Вот это ее странное состояние очень беспокоило Антона. После всех ночных стонов и воплей, клятв и слез, она вдруг странно и, главное, быстро успокоилась и даже отвечать на его вопросы начала односложно: да… нет… Сломалось что-то? Или решение какое-то чрезвычайно важное для себя приняла, а теперь пытается ему соответствовать? То есть, по поводу решения, конечно, можно было догадаться, хотя очень этого не хотелось. Но Плетнев понимал, что, если Светка снова закусила удила, холодного душа ему не избежать.
Однако простились тепло и ласково. Она так нежно и благодарно прильнула к нему, что у Плетнева едва хватило сил сдержать себя и не показать этой страстной женщине, «кто в доме хозяин» — по известному анекдоту… Сдержался, разумеется, но надежда в сердце вспыхнула: чем черт ни шутит, а ну, как найдено правильное решение?

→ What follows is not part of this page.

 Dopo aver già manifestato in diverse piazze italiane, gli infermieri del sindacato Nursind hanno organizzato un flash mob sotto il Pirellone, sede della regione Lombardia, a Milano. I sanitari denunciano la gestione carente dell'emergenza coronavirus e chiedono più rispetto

А сейчас подумал: уж не прощание ли с ним она там, в машине, устроила с ним?
— Как у них дела? — спросил, кивнув на белые двери, за которыми была, вероятно, операционная.
— Нормально, — спокойно ответила она. — Операция прошла, слава Богу…
— Долго длилась?
Светлана удивленно взглянула на него, даже плечами пожала.

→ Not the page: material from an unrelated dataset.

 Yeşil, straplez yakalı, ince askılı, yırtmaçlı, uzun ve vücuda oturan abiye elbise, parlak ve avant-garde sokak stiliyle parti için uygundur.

— Нет, всего полчаса… Готовили пока… Она давно закончилась, Игорька отвезли в палату. Только сегодня посещение не рекомендуется. Завтра. Ты иди, ждать не надо.
Странно она говорила — ровным, но отрывистым голосом, без выражения.
— Так может быть, мне тебя подождать? — мягко спросил Антон.
— Нет. Не надо, — так же отрывисто ответила она. — Я доктора жду. Ты иди.
— Ну, хорошо, — задумчиво протянул он. — Я подожду тебя… там… внизу. Ладно?
Светлана снова удивленно посмотрела на него — снизу вверх, потом безразлично пожала плечами и сказала:
— А зачем?
— Ну, как же! — он опешил. — Ты же не на работу, наверное, поедешь? Домой? Так я специально освободился, чтобы это…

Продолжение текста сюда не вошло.